Featuring 65 paintings, archival objects, sculpture, prints, and works on paper, Matisse and American Art will juxtapose 19 works by Matisse with 44 works by American artists, including , Alfred Maurer, Maurice Prendergast, Stuart Davis, Richard Diebenkorn, Robert Motherwell, Ellsworth Kelly, Roy Lichtenstein, Andy Warhol, Romare Bearden, John Baldessari, Sophie Matisse, Faith Ringgold, and others. Matisse’s transformative impact on their works is revealed not only by their adaptations of his palette and pictorial structures but also through their choice and appropriation of his subject matter—still lifes, landscapes, figurative works, studio interiors, and portraits.
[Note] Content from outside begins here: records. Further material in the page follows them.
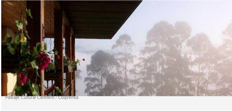
Paisaje Cultural Cafetero

La obra tuvo un costo cercano a los 81 millones de dólares.
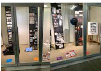
服飾表現学科・卒業制作作品展（第1展示室・立体）
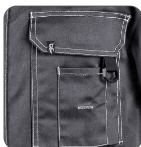
multifunkční kapsy multifunctional pockets kieszenie wielofunkcyjne
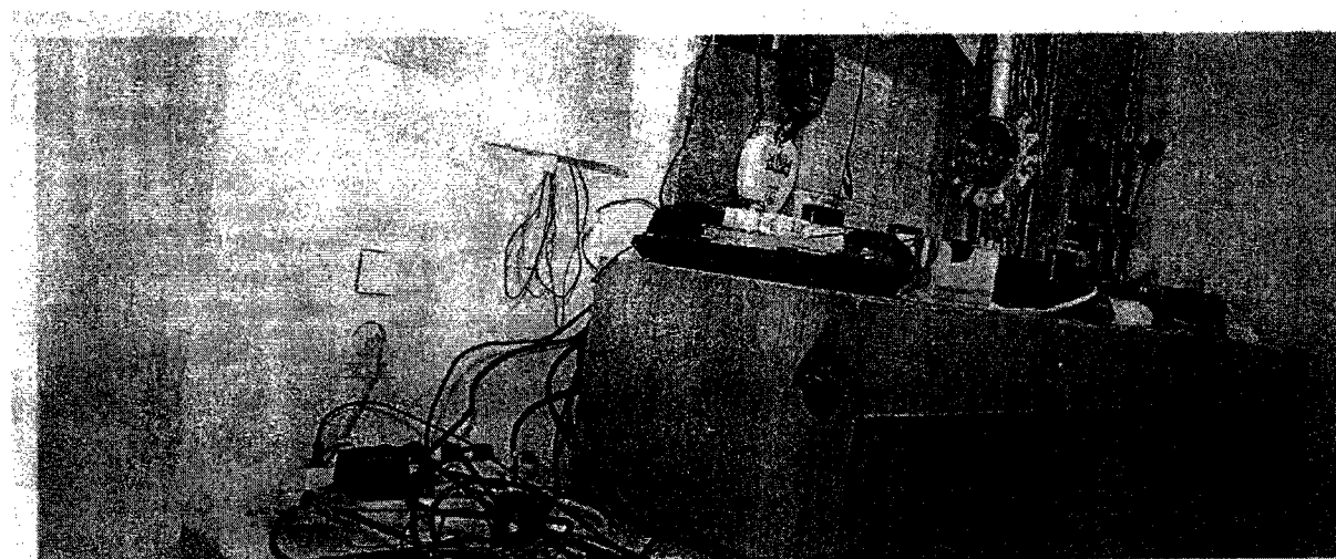
Desolates Wachzimmer in Wien: In der Vergangenheit halfen die Polizeifreunde bei der Renovierung. Künftig muss das Innenministerium zahlen.

Im Zuge einer Prüfung stellte der Rechnungshof in seinem Bericht III-48 diverse Missstände in der Verwaltung und Bewirtschaftung von Gebäuden, Anlagen und Einrichtungen in Bereichen des Bundesministeriums für europäische und internationale Angelegenheiten fest. Da nicht auszuschließen ist, dass auch im Bundesministerium für Inneres diesbezüglich Missstände bestehen und dem Begleittext zu einem Foto in der Tageszeitung „Die Presse“ vom 7.11.2007
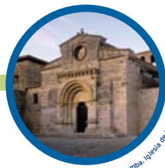
Vambra. Iglesia de Santa María.
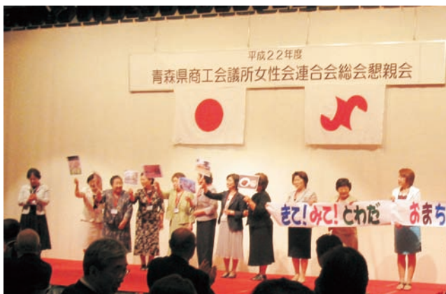
手作りのうちわと横断幕でPR。来年の会場は十和田！
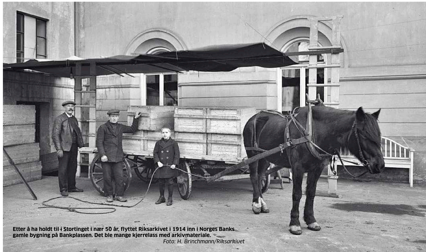
Etter å ha holdt til i Stortinget i nær 50 år, flyttet Riksarkivet i 1914 inn i Norges Banks gamle bygning på Bankplassen. Det ble mange kjerrelass med arkivmateriale.

Archivaren – Gud bevar'en! – elsker da sit Støv. Han i det jo finder Norges Hædersminder. I sin Kjælder boer han heller end blandt Rankens Løv.
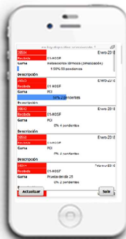
Pantalla de incidencias asignadas y tareas que debe hacer de la gama
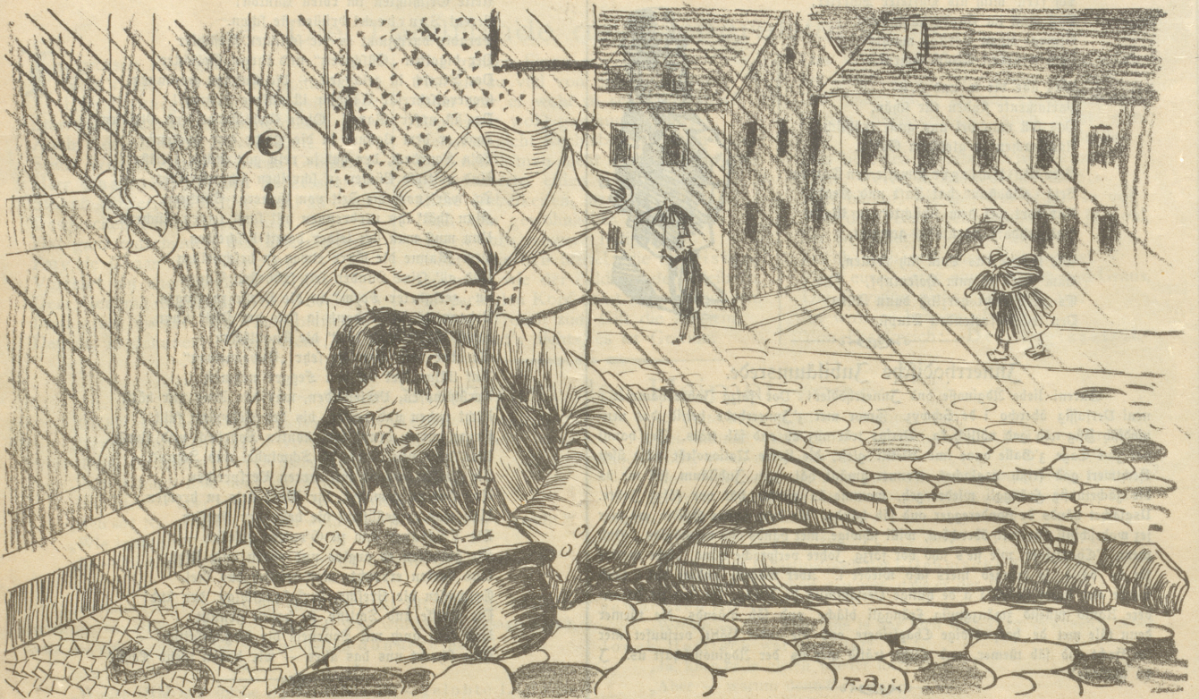
„Mir ist Alles egal — Alles Wurst — Donnerwetter — aber ein Schlüsselloch braucht der Mensch doch! — — —“

While previous projects have illuminated Matisse’s relationship with postwar artists, this will be the first exhibition to expand Matisse’s impact beyond the typical focus upon the New York School by extending it back to the beginning of the 20th century and forward to the 21st.
The exhibition will open with an introductory section evoking a range of responses to the master, from the early 20th century study by his student Morgan Russell to Faith Ringgold’s late 20th century appropriation titled Matisse’s Model, with a fictional character based on the artist and other modern young women of color. The exhibition then proceeds with early 20th century explorations of the nude as seen in the work of Matisse’s students Max Weber and Sarah Stein, as well as William Zorach and Maurice Prendergast. The next section of the show addresses Matisse’s theme of the window as a metapho for the dialogue between the interior world of the artist and the external world of reality. An archival section featuring Matisse on the cover of Time magazine in 1930, as well as various exhibition catalogues and publications, will serve as an orientation to the history of the dissemination of Matisse’s influence.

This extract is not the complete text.